Só nós — ó tempo, ó alma, ó vida, ó morte! —
Mortalmente compramos
Ter mais vida que a vida.
Ricardo Reis
Abelhas
Gotas de luz e perfume,
Leves, tênues, delicadas,
Acesas no doce lume
De purpúreas alvoradas.
Pingos de ouro cristalinos
Alados na esfera, ondeando,
Dispersos por entre os hinos,
Da natureza vibrando.
Sorrisos aéreos, soltos,
Flavas asas radiantes,
Que levam consigo envoltos
Da aurora os sóis fecundantes.
Da aurora que a primavera
Faz cantar, brota no peito
E floresce em folhas de hera
O coração satisfeito.
Essa aurora produtiva
Do amor soberano e eterno,
Que é nas almas força viva
E nas abelhas falerno.
Nas doudejantes abelhas
Que dentre flores volitam
E do sol entre as centelhas
Resplendem, fulgem, palpitam.
Zumbem, fervem nas colméias
E rumorejam no enxame
Pelas flóridas aléias
Onde um prado se derrame.
Assim mesmo pequeninas
E quase invisíveis, quase,
Com as suas asitas finas,
De etérea de fluida gaze.
Ah! quanto são adoráveis
Os favos que elas fabricam!
Com que graças inefáveis
Se geram, se multiplicam.
Nos afãs industriosos
Que enlevo, que encanto vê-las
Com seus corpos luminosos
D'iriante brilho d'estrelas.
E nas ondas murmurosas
Dos peregrinos adejos
Vão dar ao lábio das rosas
O mel doirado dos beijos.
Cruz de Souza
Os Amores da Abelha
Quando, em prônubo anseio, a abelha as asas solta
E escala o espaço, - ardendo, êxul do corcho céreo,
Louca, se precipita a sussurrante escolta
Dos noivos zonzos, voando ao nupcial mistério.

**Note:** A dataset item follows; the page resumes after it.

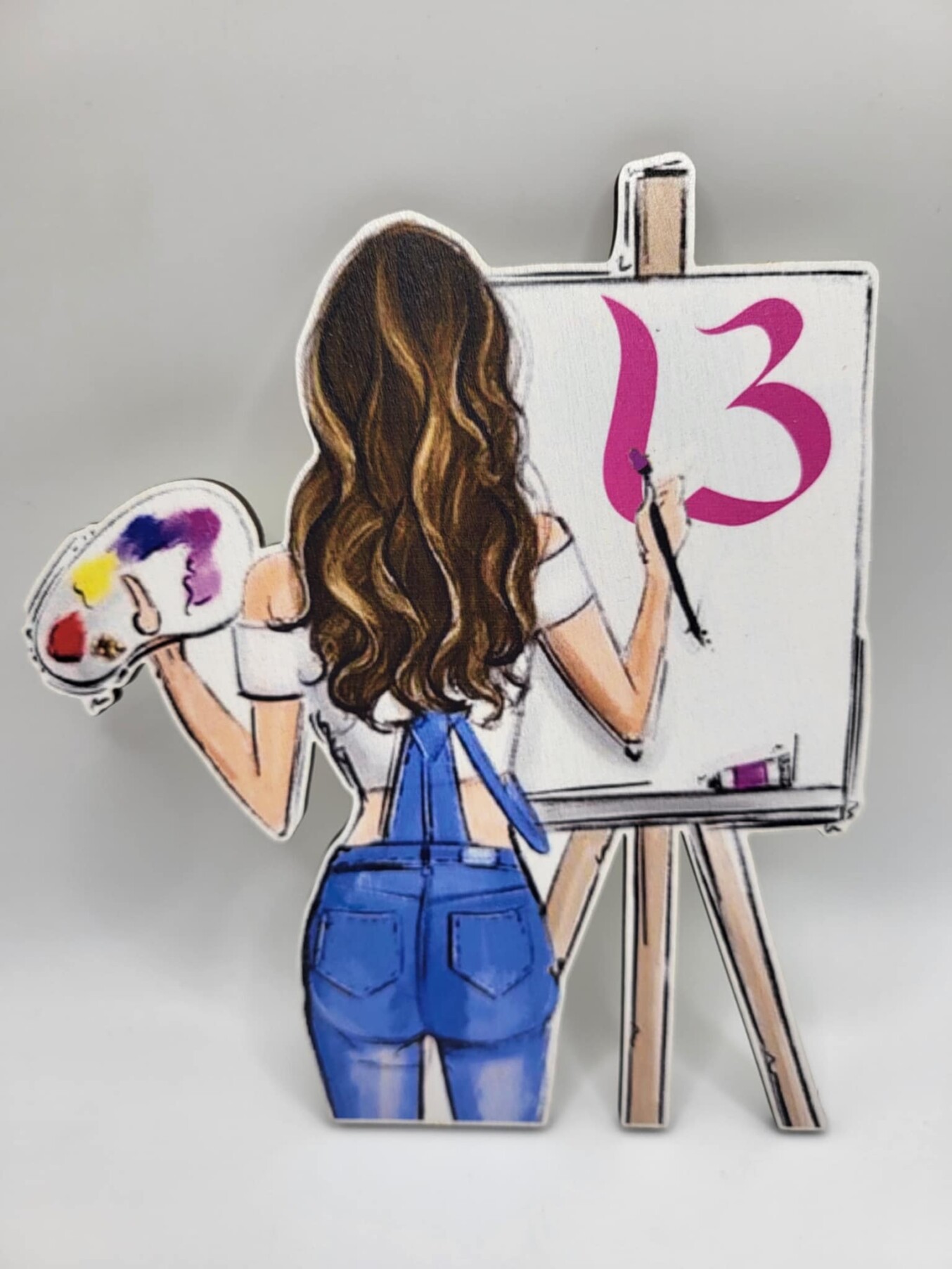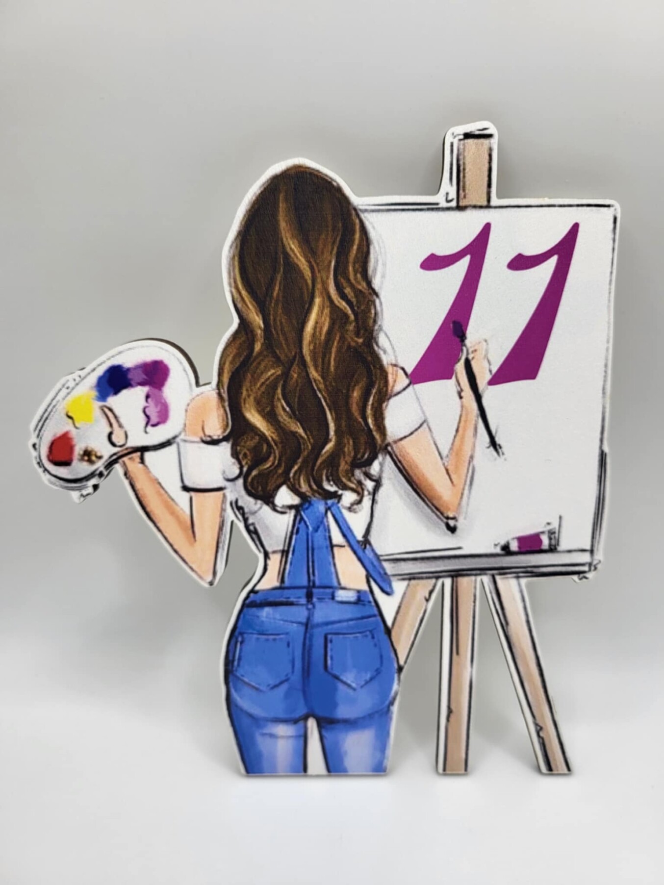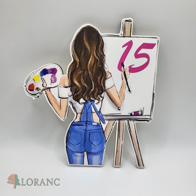 Drevená magnetka – maliarka s číslom 16 je originálna dekorácia vyrobená z kvalitnej topoľovej preglejky. Jemná ilustrácia dievčaťa pri maliarskom stojane s číslom 16 je ideálna ako dekorácia na tortu k 16. narodeninám, ale aj ako milá pamiatka po oslave.

Em breve, sucumbindo, o enxame arqueja, e volta...
Mas o mais forte, um só, senhor do excelso império,
Segue a esquiva, e, em zunzum zeloso de revolta,
Entoa o epitalâmio e o cântico funéreo:
Toca-a, fecunda-a, e vence, e morre na vitória...
A esposa, livre, ao sol, no alto do firmamento,
Palra, e, rainha e mie, zumbe de orgulho e glória;
E, rodopiando, inerte, o suicida sublime,
Entre as bênçãos da luz e os hosanas do vento,
Rola, mártir feliz do delicioso crime.